The books I read talked about the crime problems there, so we were constantly on our guard (even without the armed guards on every street corner after dark). I also felt a lot more of the colonial influence of Spain on Peru here than in Cusco, where there is much more pre-colonial culture.
Still, we had some interesting visits. Our hotel, the Gran Hotel Bolivar, is a grand old dame where the pisco sour drink was allegedly invented. The lobby had a striking stained glass cupola (see at right). And by this point in the trip, I was able to converse a lot in Spanish with the hotel staff.
On the afternoon of Day 8, we were able to see the Covento de San Francisco and its fascinating catacombs. It was probably my favorite thing that we saw in Lima. It killed me not to take pictures inside, because the courtyard and cloisters were amazing, as were the arranged bones in catacombs.
Also, there was a hilarious moment at the end of the tour, the guide said simply, "OK guys...that's it. It's over." Well then.
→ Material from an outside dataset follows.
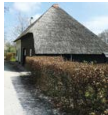
Model boerderijtje vrije kolonie Frederiksoord.

Op de gronden die werden aangekocht onder bescherming van het koningshuis, ontstonden grote complexen die gericht waren op een gedwongen vorm van samenleven. Concreet ging het om de koloniën van Veenhuizen, Frederiksoord, Willemsoord, Wilhelminaoord en Ommerschans. Men maakte het onderscheid tussen de 'vrije' en de 'onvrije' koloniën. De vrije koloniën gaven opvang aan arme gezinnen die een klein boerderijtje met een stuk grond kregen, plus een kleine 'uitzet' van vee en materiaal om de grond te bewerken. Men kon door de opbrengsten van de gronden zijn vrijheid afkopen, echter pas nadat de middelen die door de Maatschappij waren verleend, terugbetaald waren. De financiële input was zowel nationaal als regionaal. Dit laatste kenmerk vertaalde zich in geldelijke bijdragen van de gemeenten waaruit de paupers afkomstig waren. Bij het ontwerp van het project werd er aanvankelijk niet uitgegaan van gedwongen opnames. De eerste koloniën waren 'vrij'. Pas later was er ook sprake van de 'onvrije' koloniën voor de opvang van landlopers en bedelaars. Landloperij en bedelarij stonden in die tijd immers geboekstaafd als criminele activiteiten. In de onvrije koloniën gold een strikt, ietwat militair regime. De inrichting verschilde in die zin van de vrije koloniën dat de bedelaars en landlopers collectief werden ondergebracht in een groot, rechthoekig gebouw. Aan de binnenzijde van deze structuur waren de verblijfsruimten van de kolonisten, aan de buitenzijde die van het personeel.
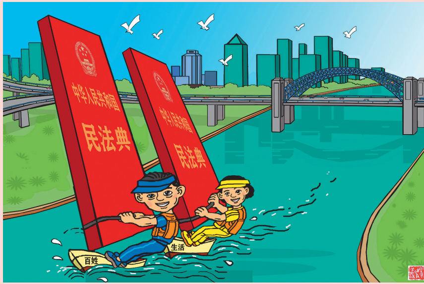
▲为百姓扬起民生的风帆

We had a really enjoyable Italian-Peruvian fusion dinner at Tanta in the El Centro district. Apparently this chain was begun by Gaston Acurio, founder of modern Peruvian cuisine. And apparently there is one in Chicago. Guess we'll have to go!
On Day 9, we had a quick breakfast at the hotel and visited the Iglesia de San Pedro, which had gloriously ornate altars and decorations.
I think I might have been all churched out at that point, though.
On our way back to the hotel to leave, we passed by a supermarket. I love perusing supermarkets in foreign countries, because you get to see how people really live.
Of course, tons of potatoes. I should have bought some Inka Corn. DAMNIT.
Well, that was my trip to Peru. It was really fantastic, and I'm so glad I went. If you are thinking of going, go. If you can't do a full hike, get a train. Just go.
I'm planning on doing a post later with all the Incan doors I took pictures of. What glory. And now I'm off to buy some Inka Corn on Amazon.